=== Begin Enclosure ===

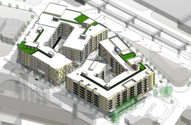 Plans filed with the city by Tiscareno Associates would divide the almost 3.5-acre Redmond Square site into east and west blocks, with a woonerf between them.
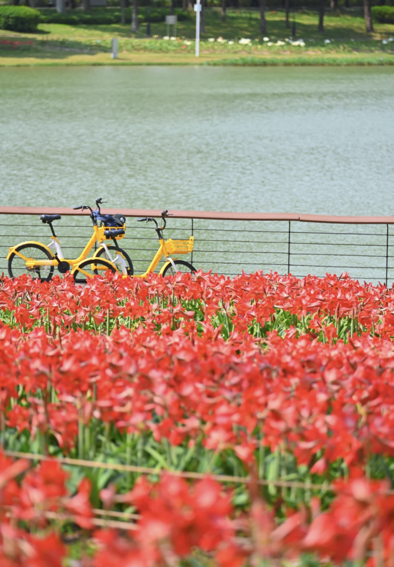 公園內的福田河畔,沿著小徑兩旁種植了不少朱頂紅。粉紅色品種與河邊的落羽松、垂柳相互映襯,倒映水中,充滿詩意。此處光線柔和,非常適合拍攝人像特寫。
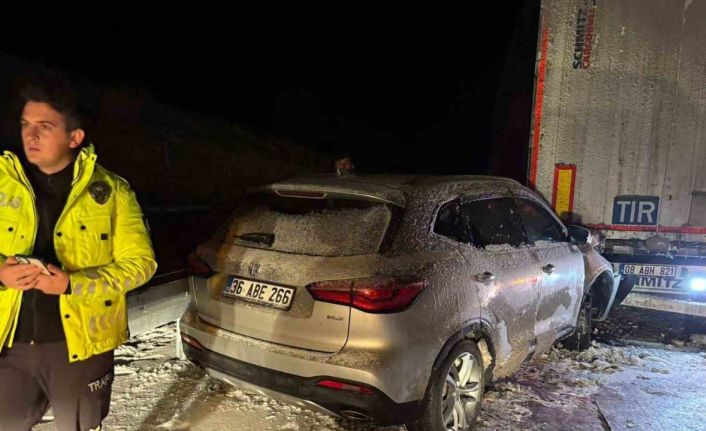 KARS (İHA) – Kars’ın Sarıkamış ilçesinde etkili olan kar ve tipi nedeniyle araçlar yolda mahsur kaldı. Mahsur kalan araçların imdadına karayolları ve Özel İdare ekipleri yetişti. Bir otomobil ise kayarak tıra arkadan çarptı.
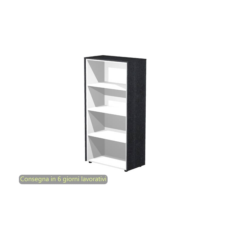 Mobile medio-alto a giorno completo di top e fianchi finitura. 3 ripiani (sp. 25 mm) regolabili in altezza. Rifinito sul retro (sp. 10 mm), può essere posizionato a centro stanza come elemento divisorio. Piedini livellabili. Struttura (sp. 18 mm) colore grigio alluminio, top e fianchi finitura (sp. 14 mm) colore nero venato. Dimensioni in cm: L83 P43 H158,2.

=== End Enclosure ===

* _Task directions_
Reproduce the material above exactly, first line through the line that contains "公園內的福田河畔,沿著小徑兩", minus the pictures.

* _Expected output_
 Plans filed with the city by Tiscareno Associates would divide the almost 3.5-acre Redmond Square site into east and west blocks, with a woonerf between them.
 公園內的福田河畔,沿著小徑兩旁種植了不少朱頂紅。粉紅色品種與河邊的落羽松、垂柳相互映襯,倒映水中,充滿詩意。此處光線柔和,非常適合拍攝人像特寫。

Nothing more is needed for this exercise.